Local elections were held in Kosovo on 3 November 2013, with a second round on 1 December. These were the first elections which the Serbs of Northern Kosovo participated in since the Republic of Kosovo declared independence in 2008; polls were monitored by the OSCE. There were violent reactions in Serb-majority areas of northern Kosovo.

Results 1st round
The Democratic Party of Kosovo (PDK) won in Drenas, Kaçanik, Skënderaj and Shtime.
The Democratic League of Kosovo (LDK) candidates received the most votes in Fushë Kosovë/Kosovo Polje, Istog and Podujevo.

The Alliance for the Future of Kosovo (AAK) in coalition with Democratic League of Dardania (LDD) won in Deçan/Dečani.
The Turkish Democratic Party of Kosovo won in Mamusha.
The independent candidate Rufki Suma (supported by Vetëvendosje!) won in Hani i Elezit.
Serb Civic Initiative won in Leposavić, Zvečan, and Zubin Potok.
The rest of communes went into the second round.

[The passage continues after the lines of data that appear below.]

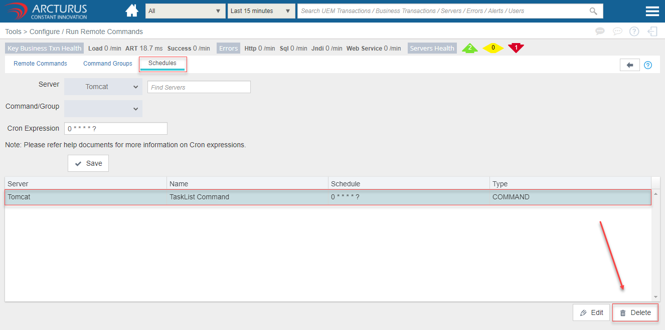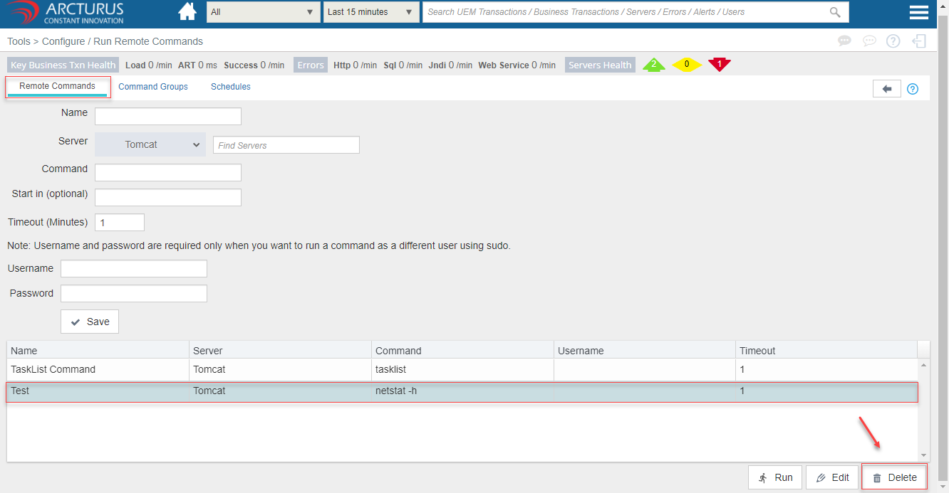 - Select the row from the command grid and click the "Delete" button to delete the command.
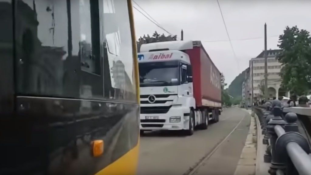 Villamos kísérte ki a sínekre tévedt kamiont Budapesten – videó
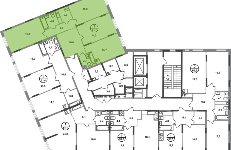 Продается трехкомнатная квартира в городе-парке "Переделкино Ближнее". Общая площадь квартиры - 84,7 кв. м, этаж 8 из 17. Срок сдачи - 3 квартал 2026 года. Тип дома - монолитный. Город-парк "Переделкино Ближнее" расположен в 8 км от МКАД по Боровскому шоссе. ТРАНСПОРТНАЯ ДОСТУПНОСТЬ: - 10 минут пешком до МЦД-4 «Мичуринец» - 15 минут пешком до станции метро «Рассказовка» Солнцевской линии - 10 минут на машине до станции метро «Филатов Луг» Сокольнической линии - 30 минут до центра Москвы - Прямой выезд на дорогу Солнцево-Бутово-Варшавское шоссе, минуя жилую застройку всего ЖК БЛАГОУСТРОЙСТВО: Новая фаза строительства уникальна своим расположением - в шаговой доступности парк на Лукинской улицы, река Алёшинка. На территории 18 фазы строительства будут построены 2 монолитных жилых корпуса повышенного комфорта разной этажности 7, 17 этажей. А также многоуровневый паркинг на 300 м/мест. Вход в жилую часть корпусов каждой секции осуществляется с двух сторон - с наружного контура жилого дома и со стороны дворового пространства, предусмотрен безбарьерный доступ. ВНУТРЕННЯЯ ИНФРАСТРУКТУРА: В рамках данной фазы, для жителей предусмотрено создание пространства, свободного от машин - благоустроенные огороженные дворы с современными детскими и спортивными площадками, разделенными на зоны по возрастам. На территории проекта есть все необходимые объекты социальной и бытовой инфраструктуры: детские сады, школы, магазины, паркинги, аптеки, поликлиники, пожарная часть и др. АВТОРСКИЙ ДИЗАЙН: Современный монолитный дом переменной этажности 7 и 17 этажей. На фасаде предусмотрены корзины для установки кондиционеров. Входные группы домов выполнены по авторскому дизайну. Колясочные располагаются при входе, велопарковка на -1 этаже.О застройщике
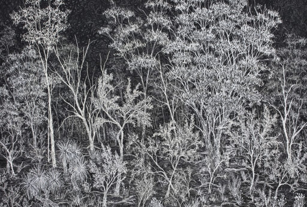 Moonahs at Midnight Free motion machine and acrylic marker drawing on black primed canvas 63 x 89 cm
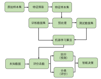 如图 6所示,机器学习的基本实现方式可描述为:将具象的概念映射为数据,同目标事物的观测数据一起组成原始样本集,计算机根据某种规则对初始样本进行特征提取,形成特征样本集,经由预处理过程,将特征样本拆分为训练数据和测试数据,再调用合适的机器学习算法,拟合并测试评价函数,即可用之对未来的观测数据进行预测或评价。
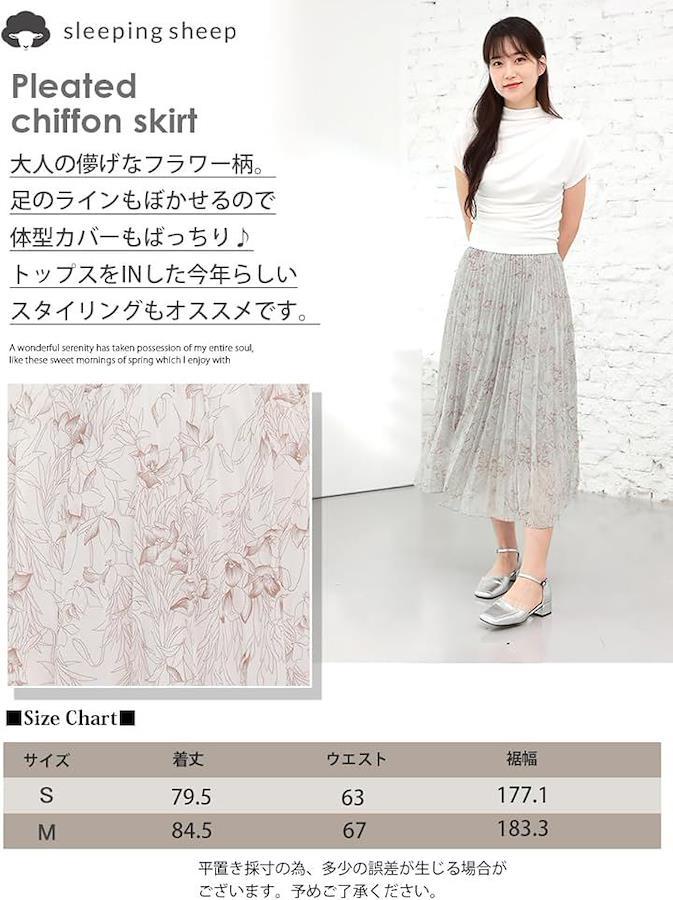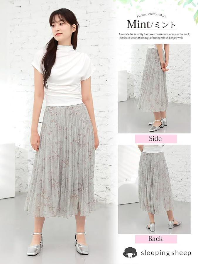 線画タッチ ムード フラワー プリント シフォン プリーツ フレア スカート
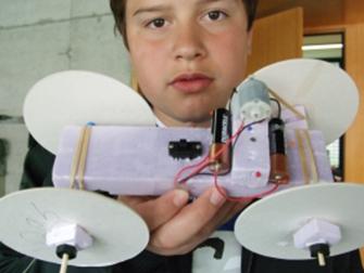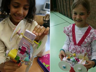 Tatjana, Claudia, Jessi, (alle 11) aus der Klasse von Ruedi Gentsch treiben dieses Long-Vehicle mit je einem Motor auf jeder Achse an.
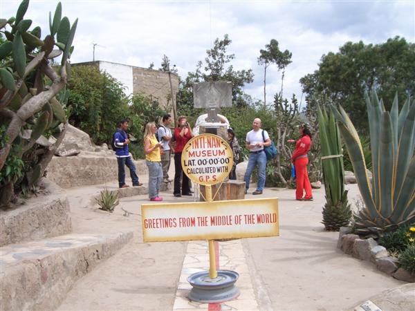 Aber ein paar `zig Meter weiter gibt es das wirkliche Äquatormuseum. Ohne viel Pomp und Monument und für wenig Eintritt. Aber hier werden viele Experimente gezeigt. Rechts und links von der Äquatorlinie läuft das Wasser mit unterschiedlich drehenden Strudeln aus einem Gefäss. Und genau auf der Äquatorlinie bildet sich beim Auslaufen kein Strudel. Hier lässt sich auch ein Ei auf eine Nagelspitze stellen - wenn man nicht gerade an Parkinson leidet.
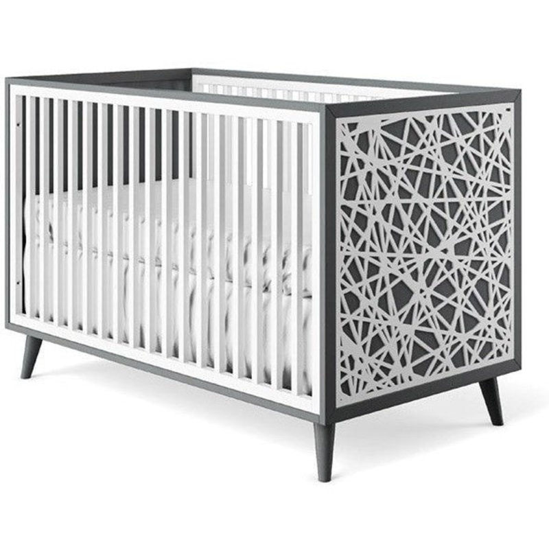 New York Crib is designed about the busy big city lifestyle, fit for small spaces with big ideas, contemporary in style with mid-century essence. The crib converts to Day bed and Toddler bed and has three mattress settings to maximize convenience. The Toddler rail can be purchase separately. The crib is available in one general finish, 2-tone (over 50 base options) or upgraded with Laser-cut panels or Eco-Leather inlays.
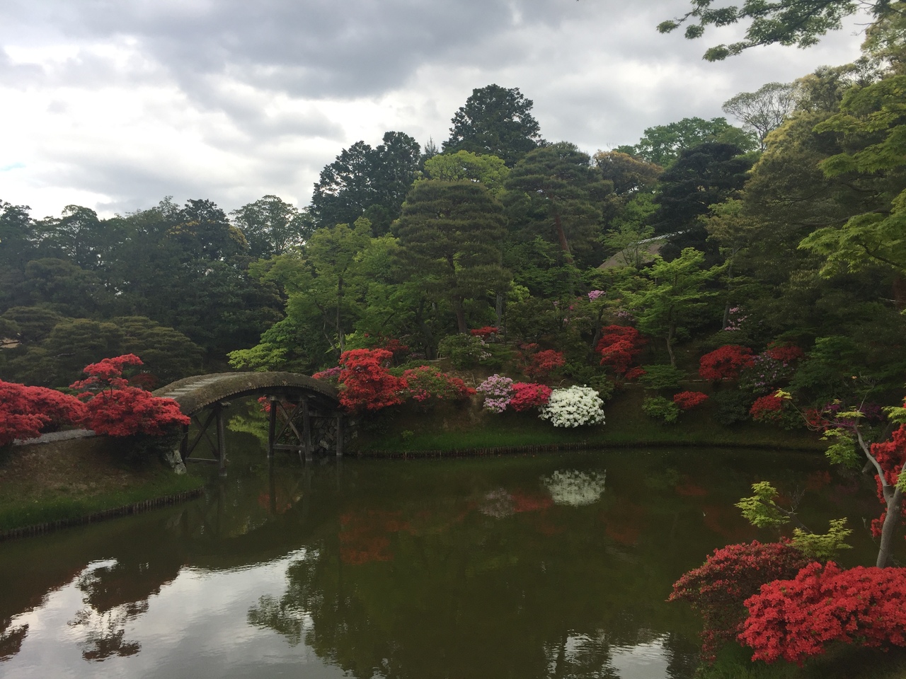 真っ赤な霧島躑躅も本当に美しくさすが日本一の庭園。

Incidents in Northern Kosovo
In August 2013, members of the "Interim Assembly of the Autonomous Province of Kosovo-Metohija" voted on a statement that said the election would violate Serbian law. This statement was rejected by the governments of Kosovo and of Serbia. Since Kosovo declared independence in 2008, government in these Serb-majority municipalities in the north of Kosovo has been funded by Serbia, and they have been dominated by organised crime and paramilitaries.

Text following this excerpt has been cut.